───── Available data

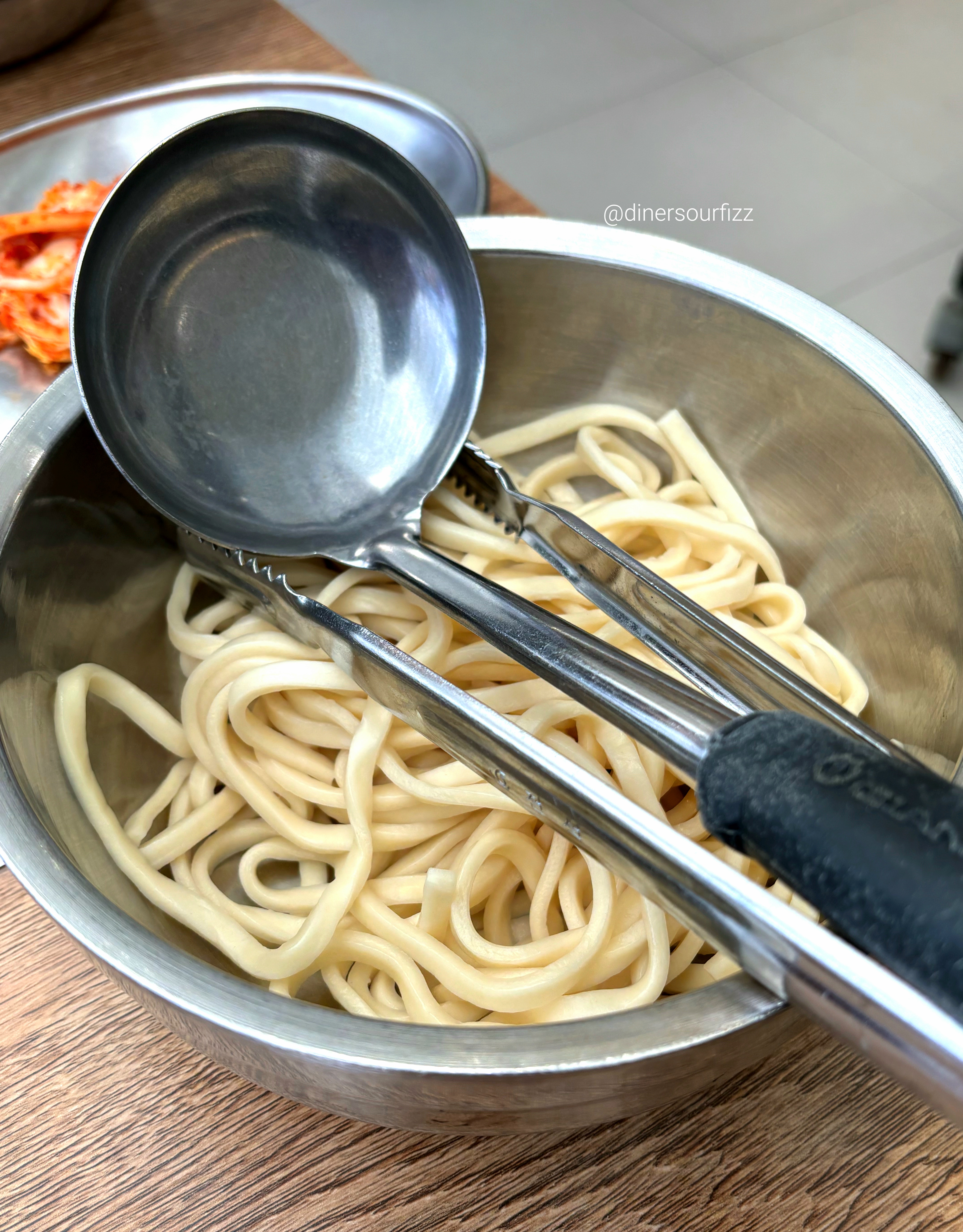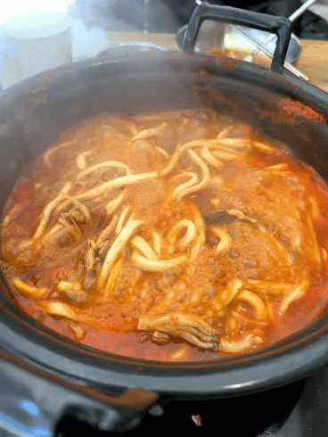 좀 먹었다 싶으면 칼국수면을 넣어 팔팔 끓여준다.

──────────
───── Available data

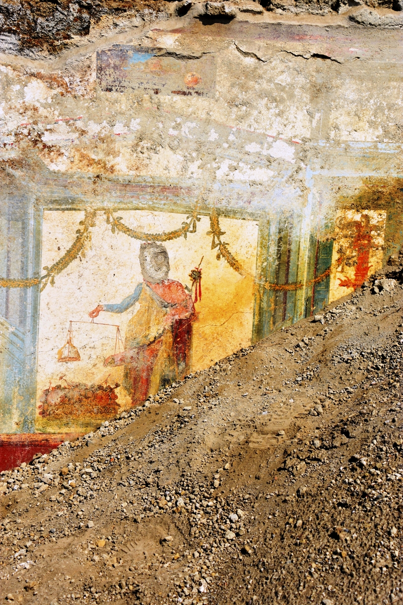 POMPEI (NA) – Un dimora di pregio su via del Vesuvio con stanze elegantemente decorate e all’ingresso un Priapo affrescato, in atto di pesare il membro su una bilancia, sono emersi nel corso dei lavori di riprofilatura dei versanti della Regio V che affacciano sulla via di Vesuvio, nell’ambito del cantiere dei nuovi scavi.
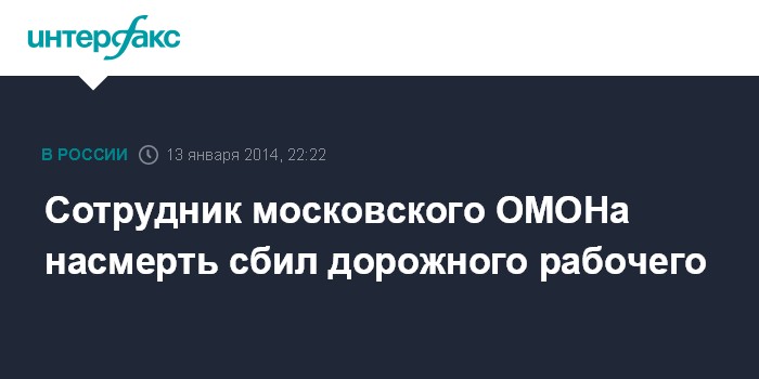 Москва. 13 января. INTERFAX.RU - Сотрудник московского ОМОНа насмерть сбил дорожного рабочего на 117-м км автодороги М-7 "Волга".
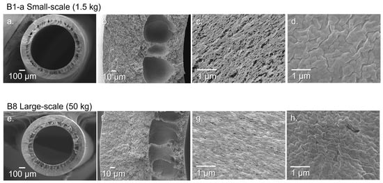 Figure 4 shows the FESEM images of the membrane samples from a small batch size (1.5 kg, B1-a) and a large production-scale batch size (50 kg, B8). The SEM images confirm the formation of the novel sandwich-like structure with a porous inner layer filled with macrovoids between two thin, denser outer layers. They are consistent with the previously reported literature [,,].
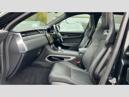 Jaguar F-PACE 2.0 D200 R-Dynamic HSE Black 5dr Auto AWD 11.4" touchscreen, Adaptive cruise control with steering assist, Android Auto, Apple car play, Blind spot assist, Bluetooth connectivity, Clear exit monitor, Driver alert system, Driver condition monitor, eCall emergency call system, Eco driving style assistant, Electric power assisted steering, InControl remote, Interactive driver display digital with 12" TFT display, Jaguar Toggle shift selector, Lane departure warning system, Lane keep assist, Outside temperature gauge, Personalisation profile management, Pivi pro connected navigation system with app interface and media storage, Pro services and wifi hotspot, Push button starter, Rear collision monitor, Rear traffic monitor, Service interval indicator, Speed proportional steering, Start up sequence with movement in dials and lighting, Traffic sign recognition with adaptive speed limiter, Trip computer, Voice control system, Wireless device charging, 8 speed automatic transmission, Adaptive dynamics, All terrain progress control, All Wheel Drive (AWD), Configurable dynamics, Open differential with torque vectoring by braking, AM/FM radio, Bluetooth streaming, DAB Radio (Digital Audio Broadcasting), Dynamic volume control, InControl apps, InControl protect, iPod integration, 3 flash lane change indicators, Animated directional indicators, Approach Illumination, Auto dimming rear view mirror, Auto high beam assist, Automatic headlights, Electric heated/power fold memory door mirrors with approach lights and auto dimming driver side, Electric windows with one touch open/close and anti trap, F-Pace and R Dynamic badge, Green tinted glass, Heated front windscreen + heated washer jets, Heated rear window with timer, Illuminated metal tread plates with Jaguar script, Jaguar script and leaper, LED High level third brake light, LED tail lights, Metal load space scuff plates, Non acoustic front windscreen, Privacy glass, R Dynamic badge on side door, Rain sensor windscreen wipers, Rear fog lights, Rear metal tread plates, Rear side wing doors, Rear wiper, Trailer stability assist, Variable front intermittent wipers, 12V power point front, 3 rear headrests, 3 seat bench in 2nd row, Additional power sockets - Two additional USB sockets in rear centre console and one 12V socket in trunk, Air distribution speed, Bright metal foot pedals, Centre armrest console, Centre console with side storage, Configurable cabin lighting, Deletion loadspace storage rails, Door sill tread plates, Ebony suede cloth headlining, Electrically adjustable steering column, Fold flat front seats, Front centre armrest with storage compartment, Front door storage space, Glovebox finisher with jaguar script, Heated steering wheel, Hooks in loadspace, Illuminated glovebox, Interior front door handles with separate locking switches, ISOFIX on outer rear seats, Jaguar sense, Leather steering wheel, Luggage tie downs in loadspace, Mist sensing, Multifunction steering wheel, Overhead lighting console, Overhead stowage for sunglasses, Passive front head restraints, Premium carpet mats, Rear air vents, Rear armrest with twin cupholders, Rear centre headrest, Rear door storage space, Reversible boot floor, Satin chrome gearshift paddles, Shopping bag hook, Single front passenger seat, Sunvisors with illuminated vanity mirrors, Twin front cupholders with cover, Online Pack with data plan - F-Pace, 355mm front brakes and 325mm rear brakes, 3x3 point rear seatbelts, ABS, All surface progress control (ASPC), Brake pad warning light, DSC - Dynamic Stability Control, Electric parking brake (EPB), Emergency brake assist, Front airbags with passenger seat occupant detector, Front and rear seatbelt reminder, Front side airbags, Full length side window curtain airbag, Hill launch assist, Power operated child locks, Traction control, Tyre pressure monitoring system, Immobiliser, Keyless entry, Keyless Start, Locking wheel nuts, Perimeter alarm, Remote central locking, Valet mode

──────────

→ **Task**
Using the material above, transcribe exactly the lines from the one holding "Москва. 13 января." to the one holding "Figure 4 shows", both ends kept. Do not carry over any pictures.

→ **Answer below**
 Москва. 13 января. INTERFAX.RU - Сотрудник московского ОМОНа насмерть сбил дорожного рабочего на 117-м км автодороги М-7 "Волга".
 Figure 4 shows the FESEM images of the membrane samples from a small batch size (1.5 kg, B1-a) and a large production-scale batch size (50 kg, B8). The SEM images confirm the formation of the novel sandwich-like structure with a porous inner layer filled with macrovoids between two thin, denser outer layers. They are consistent with the previously reported literature [,,].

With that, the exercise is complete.